The Night Sister

Daddy was the most handsome man Rose knew. Sylvie said he looked just like Cary Grant, who she loved to read about in the papers and magazines guests left behind. She’d talked Daddy into getting a subscription to Life and studied each issue cover to cover as soon as it arrived in the mailbox each week. On the cover of this week’s issue was Henry Fonda in his new picture, Mr. Roberts.

Rose knew that if it came to London—and if the picture was approved by Mama and Daddy—Sylvie would persuade Uncle Fenton to take her to the Saturday matinee. Fenton loved the movies, too, and went as often as he could. He and Sylvie would have long, animated conversations about directors and stars, and sometimes he’d describe the movies she hadn’t been allowed to see to her, scene by scene. It was Fenton’s idea that Sylvie start a movie scrapbook, and she spent hours going through magazines and newspapers, cutting out pictures of her favorite stars and pasting them into her book. She also took notes—making lists of movies she’d seen, movies she wanted to see, and even ideas she had for making movies of her own.

Sometimes Rose got to go to the Saturday matinees with Sylvie and Fenton, but most of the time, she was pronounced too young and was left behind to help Mama with cleaning and mending. To be honest, Rose didn’t mind much. Sometimes Mama would tell her the story of how she met Daddy, and that was kind of like a movie, too.

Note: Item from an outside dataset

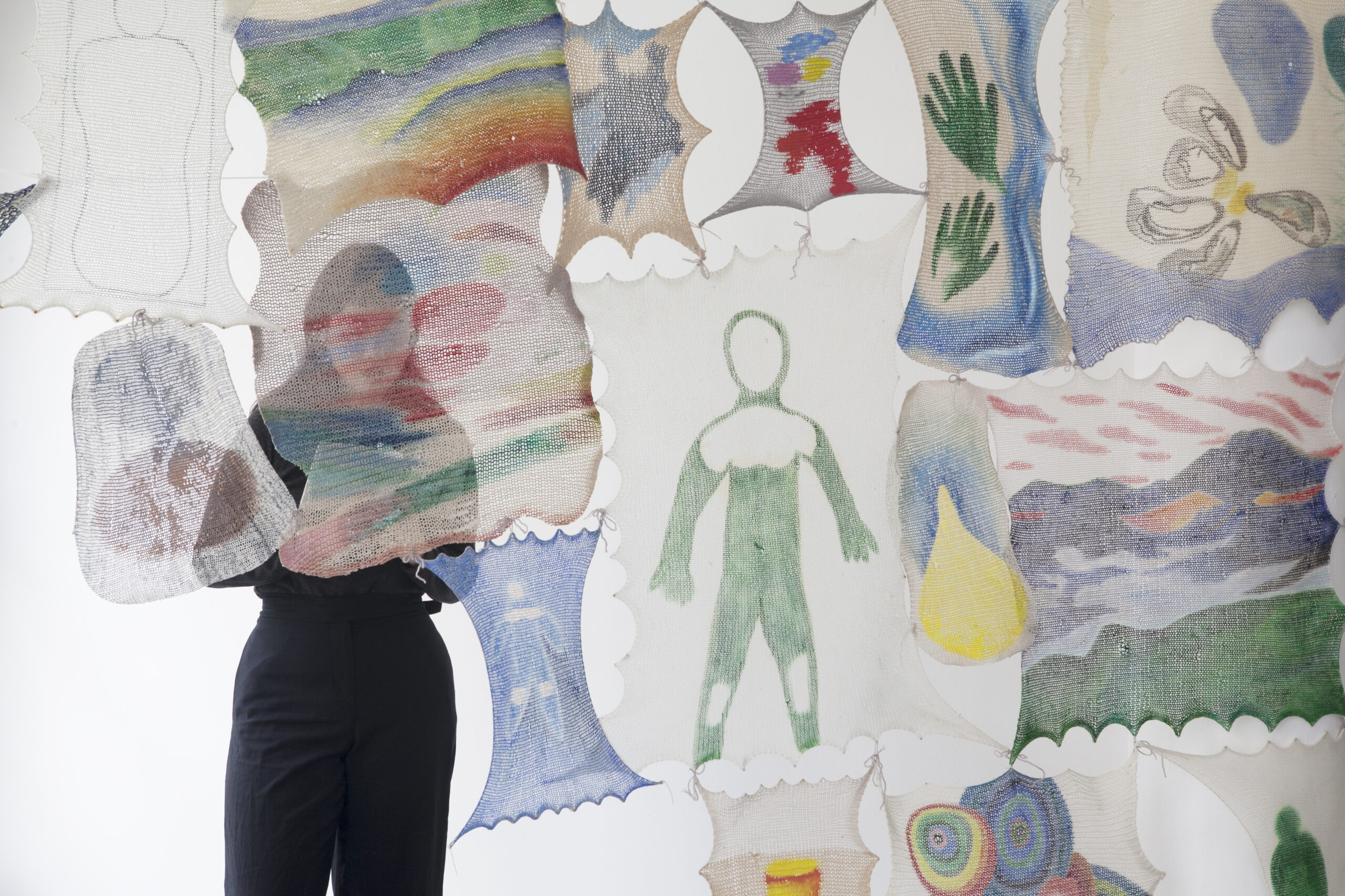 For its third participation in Asia Now, Galerie Anne-Laure Buffard presents Home, a Duo Show by Korean artists and twin sisters Park Chae Dalle and Park Chae Biole with the participation of Japanese ceramic artist Yoshimi Futamura. Born in 1997 and working between France and Korea, the Park Chae twins practice painting, knitting, poetic writing and sculpture and deploy two singular artistic universes with multiple resonances. Curators of this exhibition project, Park Chae Dalle and Park Chae Biole chose to recreate the world of their childhood home, where their father introduced them to drawing and painting. Through works on canvas and textiles from Park’s Family and Hand to hand series by Park Chae Dalle, installations and paintings on Park Chae Biole’s bamboo blinds, the two sisters sketch out a new way of inhabiting space with which they invite Yoshimi Futamura to engage in dialogue. The ceramics in the Black Hole and Rebirth series, created in response to the Fukushima disaster (2011), will adorn this domestic space, raising questions about the way in which our foundations can suddenly be altered and rebuilt.

Rose liked to imagine it. There they were, her parents, up on the big screen. Daddy was in an English hospital bed, rumpled and wounded but still handsome after his plane had been shot down, and Mama looked like an angel in her stiff white nurse’s uniform as she changed the bandages over his injured eye.

“I’d all but given up on myself,” he’d tell the girls when they asked for his version of the story. “The last thing I wanted to do was go back home and be a half-blind farmer. I was feeling like my life was just about over until your mother came along. Charlotte, your mama, was the most beautiful girl I’d ever seen.”

Rose would always smile at this part, imagining her mama young and pretty, drifting onto the scene, and changing everything—Mama, who was what Daddy called a rare beauty. When he said this, Rose would picture him off in the jungle, coming upon a one-of-a-kind orchid high up on the edge of a waterfall, carefully uprooting it, putting it in a pot, and carrying it home, hoping he had what it took to help it flourish.

“I asked your mama where she was from. ‘Here in London,’ she said. And I laughed and said, ‘Wouldn’t you know it? I’m from London, too.’?”

“I think it’s so romantic,” Sylvie would say. “The boy from London meets the girl from London. Like it was meant to be.”

“Life could be a dream, if I could take you up in paradise up above,” the Crew Cuts doo-wopped now, as the record spun on the little portable player Sylvie had brought out from their bedroom.

“Introducing Miss Matilda, the star of the show,” said Sylvie, and she led the plump Rhode Island Red onstage with her handful of raisins. Matilda followed Sylvie over to the wooden structure they’d built with two poles placed four feet apart, each with a platform and a ladder leading up to it. This was the high-wire act, although instead of a wire they had a narrow board, because they hadn’t been able to teach a chicken to walk across rope.

With Sylvie’s encouragement, Matilda climbed the ladder on the left, made her way across the narrow top board, then to the other platform, and down the ladder. When she reached the bottom, she rang the little bell that hung there by hitting it with her beak.

The crowd applauded, smiling. Sylvie had Matilda do her bow, which got more applause. Sylvie looked up and smiled, her hair coming loose from her right barrette, a few wisps falling into her eyes. The boy guest was at the edge of his seat, his eyes dreamy, the way people’s eyes often got when they watched Sylvie. She had the same effect on people that she did on chickens: they watched her intently, eager to do whatever she asked them next.